Secondary antibodies emission spectra were 488 nm (anti-goat) for MBP or 680 nm
(anti-mouse) for β-III-tubulin.
Animals
Animals were maintained in a temperature and humidity controlled environment
with a 12-h light/dark cycle. Food (Purina, Mississauga, ON, Canada) and water were
available ad libitum. Surgical interventions were carried out under inhalation anaesthetic
(Isofluroane, 99.9% Halocarbon Laboratories, River Edge, NJ, USA) and pain control
was provided by means of i.p. or oral administration of buprenorphine (30 μg/kg).

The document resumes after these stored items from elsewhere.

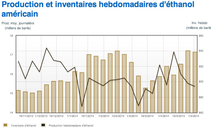 Selon le dernier rapport hebdomadaire de l’EIA (Energy Information Administration) aux États-Unis, la production d’éthanol a à nouveau reculé la semaine dernière à 894 000 barils/jour. Les inventaires d’éthanol ont par contre reculé à 17,1 millions de barils. On rapporte que les marges de profit des usines d’éthanol qui étaient très fortes depuis le début de l’année commencent à s’amincir.
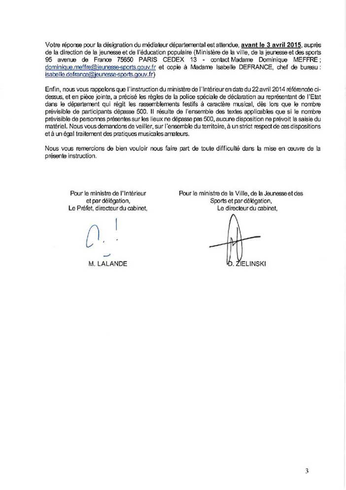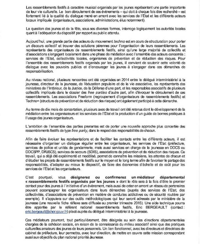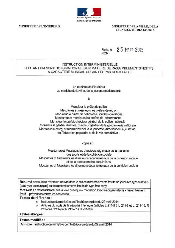 Le 25 mars dernier une nouvelle circulaire sur les free party est sortie. Un soulagement pour certains, notamment pour l’asso Freeform qui, active depuis deux ans, a pour but de regrouper des personnes physiques pour défendre, promouvoir et faire progresser la culture free party. Nous n’allons pas revenir dans cet article sur l’ensemble du dossier mais sur les avancées. Même si le seuil légal de capacité d’accueil de 1500 personnes pour une fête libre amateure demandée par Freeform n’a pas été retenue il est autorisé jusqu’a 500 personnes depuis plusieurs années, cependant ce n'est pas toujours le cas en pratique surtout si votre teuf n'est pas déclarée en préfecture. Donc, la nouvelle réjouissante est que la loi précise qu'aucune saisie de matériel n'est permise si il y a moins de 500 personnes sur le site de la free party. Puis le véritable changement annoncé dans la circulaire (ci-dessous) est que des médiateurs vont être désignés d'ici le 3 avril dans chaque département pour favoriser le dialogue entre les autorités et les organisateurs de rassemblements festifs autour de la musique électronique (rave parties, teknival…). Leur rôle sera à la fois d’être le premier contact pour des jeunes à l’initiative d’un évènement mais aussi de créer en amont un réseau de partenaires pouvant accompagner les organisateurs dans leurs démarches.
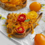 Place the tray under the broiler for about 2-4 minutes. Watch closely so as to not burn the toast or over-cook the cheese. It should be melty and lightly browned, a bit bubbly when done.

Surgical procedures were carried out aseptically, and standard microsurgical techniques
were used with an operating microscope (Wild M651; Wild Leitz, Willowdale, ON,
Canada). Animals were sacrificed at endpoint under deep anaesthesia using an
overdose of intracardiac Euthanol (Bimeda–MTC, Cambridge, ON, Canada). All efforts
were made to minimize suffering and animal numbers by using appropriate protocols.

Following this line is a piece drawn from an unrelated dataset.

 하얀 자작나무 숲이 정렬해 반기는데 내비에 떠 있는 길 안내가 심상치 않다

The protocol was approved and monitored by the University of Calgary animal care
committee and adhered strictly to guidelines set by the Canadian Council on Animal
Care.
Immunohistochemistry
The regenerating cables together with adjacent nerve segments were excised,
removed carefully from silicon tubes and fixed overnight in 2% paraformaldehyde in
phosphate-buffered saline (PBS). Samples were washed two times in PBS,
cryoprotected in 30% sucrose and embedded into optimal cutting temperature (OCT)

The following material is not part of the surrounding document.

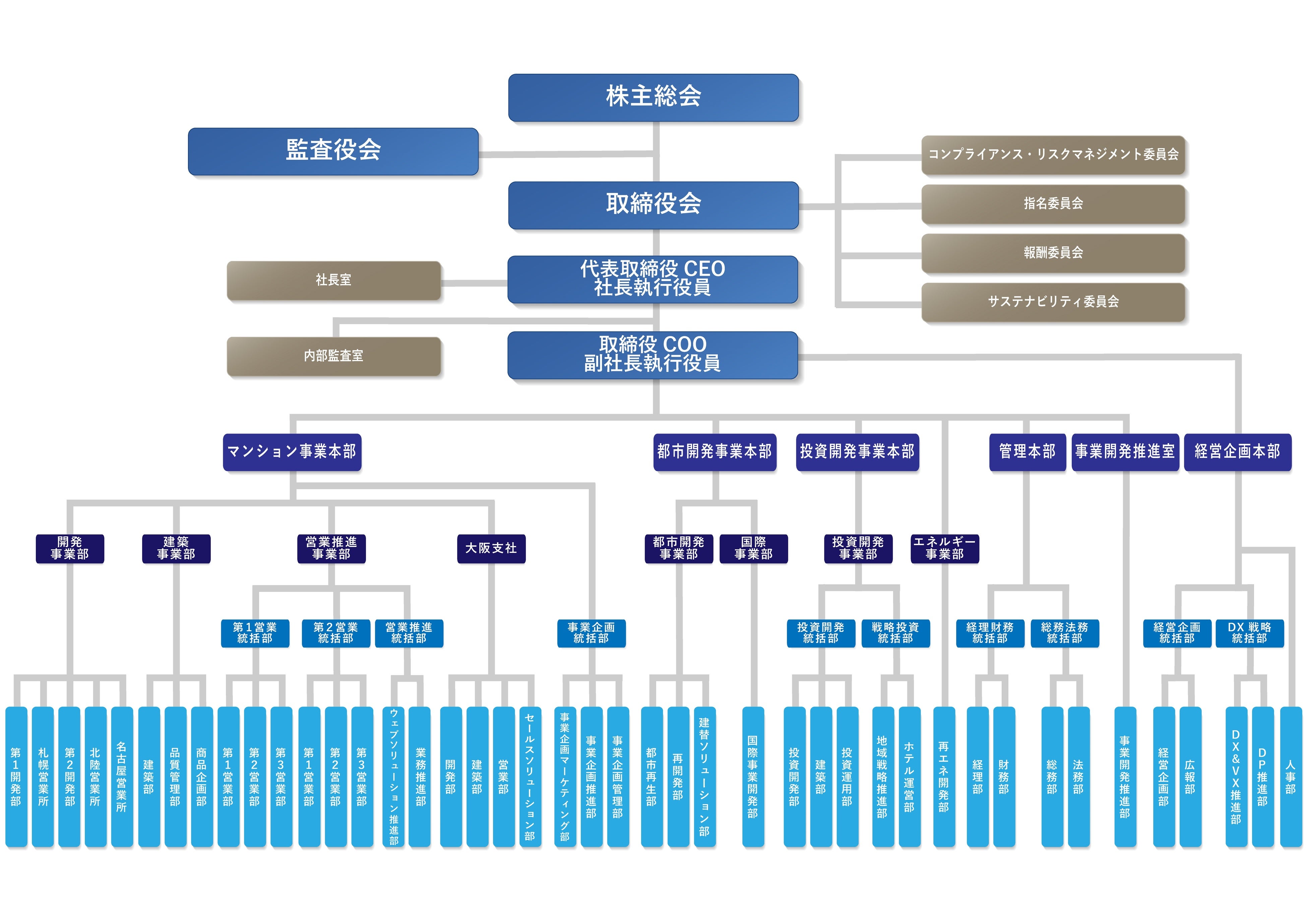 ・現在、マンション事業本部管轄下にある都市開発事業部を、「都市開発事業本部」に改編し設置する。これにより、当社は「マンション事業本部」「都市開発事業本部」「投資開発事業本部」「エネルギー事業部」「管理本部」「事業開発推進室」及び「経営企画本部」を置く事業本部体制となります。

compound (Sakura Fine technical Co., Torrance, CA, USA). Longitudinal sections (16
μm) were cut with a cryostat (Leica Microsystems Inc., Richmond Hill, ON, Canada) at 23 °C and mounted on Superfrost slides (Fisher Scientific). Sections were
blocked/permeabilized with 2% BSA/ 0.3% Triton-X100 in PBS and incubated overnight
at 4 °C with primary antibody anti-neurofilament NF200 (1:500, Sigma) or MBP (1:400,
Santa Cruz Biotechnology). Following 3x wash with PBS, slides were incubated with
secondary antibody (anti-mouse 488, Molecular Probes, or anti-goat 488, Molecular
Probes) and Hoechst nuclear stain for 3 h. Slides were then washed and coverslipped
using Fluorosave reagent (Calbiochem, San Diego, CA, USA) and viewed under a
fluorescence microscope (Olympus BX51, Center Valley, PA, USA). Omission of
primary or secondary antibody was used as negative control for the staining process.